“Yessir. In Greenbrier Cove.”
“Did he pay you in gold?” sneered Ackert. “Or in greenbacks? Or mebbe in Cornfed money?”
“I wouldn’t hev his gold.” She drew herself up proudly, though the tears were still coursing down her cheeks. “So he gin me a present—a whole passel o’ coffee in my milk-piggin.” Then to complete a candid confession she detailed the disposition she had made of this rare and precious luxury at the rebel smallpox camp.
His eyes seemed to dilate as they gazed up at her. “Jesus Gawd!” he exclaimed, with uncouth profanity. But the phrase was unfamiliar to her, and she caught at it with a meaning all her own.
“That’s jes’ it! Folks in gineral don’t think o’ them, ‘cept ter git out o’ thar way; an’ nobody keers fur them, but kase Jesus is Gawd He makes somebody remember them wunst in a while! An’ they did seem passable glad.”

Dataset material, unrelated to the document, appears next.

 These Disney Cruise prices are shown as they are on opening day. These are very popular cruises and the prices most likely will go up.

A vague sweet fragrance was on the vesperal air; some subtle distillation of asters or jewel-weed or “mountain-snow,” and the leafage of crimson sumac and purple sweet-gum and yellow hickory and the late ripening frost-grapes—all in the culmination of autumnal perfection; more than one star gleamed whitely palpitant in a sky that was yet blue and roseate with a reminiscence of sunset; a restful sentiment, a brief truce stilled the guerilla’s tempestuous pulse as he continued to stand beside his horse’s head while the girl waited, seated on the saddle blanket.

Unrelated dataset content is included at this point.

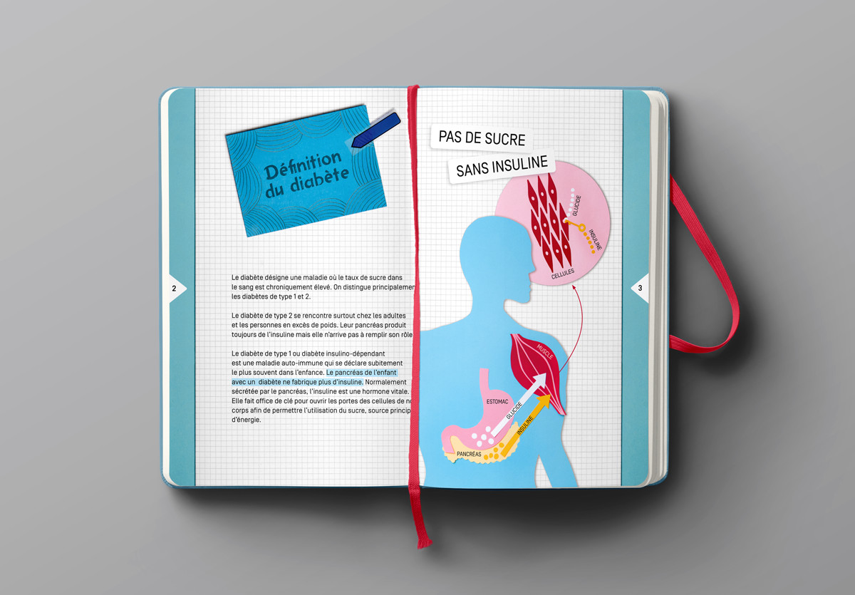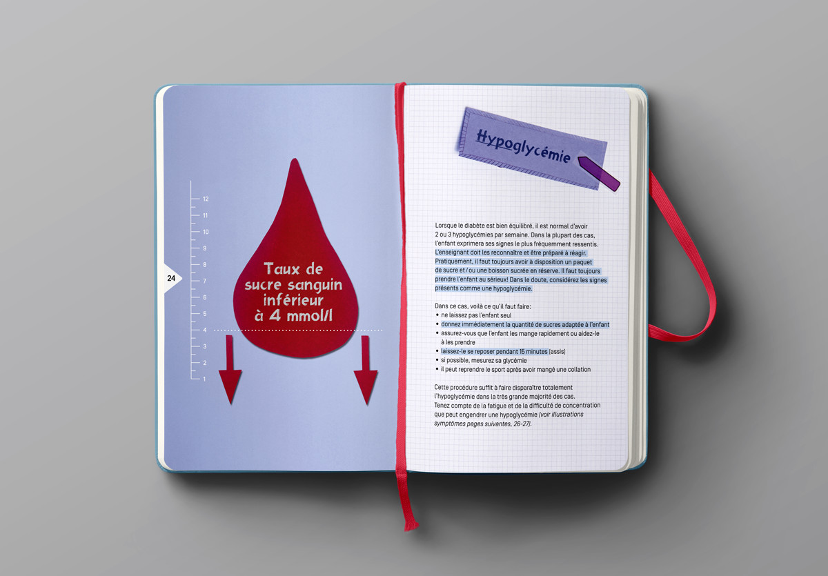 Élaboration d’une brochure pour expliquer le diabète dans les écoles et les garderies. Elle détaille de manière didactique la maladie, ses traitements, son impact sur la vie quotidienne et les signaux d’alerte que peuvent présenter les jeunes diabétiques.

Suddenly he spoke to an unexpected intent. “Ye took a power o’ risk in goin’ nigh that Confederate pest-camp—an’ yit ye’re fur the Union an’ saved a squadron from capture!” he upbraided the inconsistency in a soft incidental drawl.

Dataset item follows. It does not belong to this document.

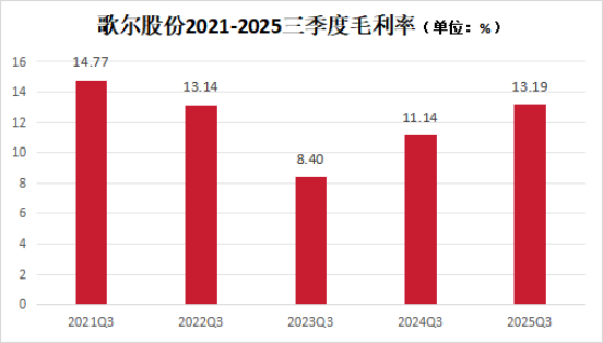 经营质量方面,第三季度歌尔股份毛利率提升至13.19%,较2024年同期提升1.75个百分点,且近年来持续改善。这一数据变化,直观反映出公司产品结构优化的成效持续显现,高附加值产品占比提升,进一步夯实了盈利基础。

“Yes, I be fur the Union,” she trembled forth the dread avowal. “But somehows I can’t keep from holpin’ any I kin. They war rebs—an’ it war Yankee coffee—an’ I dun’no’—I jes’ dun’no’——”
As she hesitated he looked long at her with that untranslated gaze. Then he fell ponderingly silent.
Perhaps the revelation of the sanctities of a sweet humanity for a holy sake, blessing and blessed, had illumined his path, had lifted his eyes, had wrought a change in his moral atmosphere spiritually suffusive, potent, revivifying, complete. “She is as good as the saints in the Bible—an’ plumb beautiful besides,” he muttered beneath his fierce mustachios.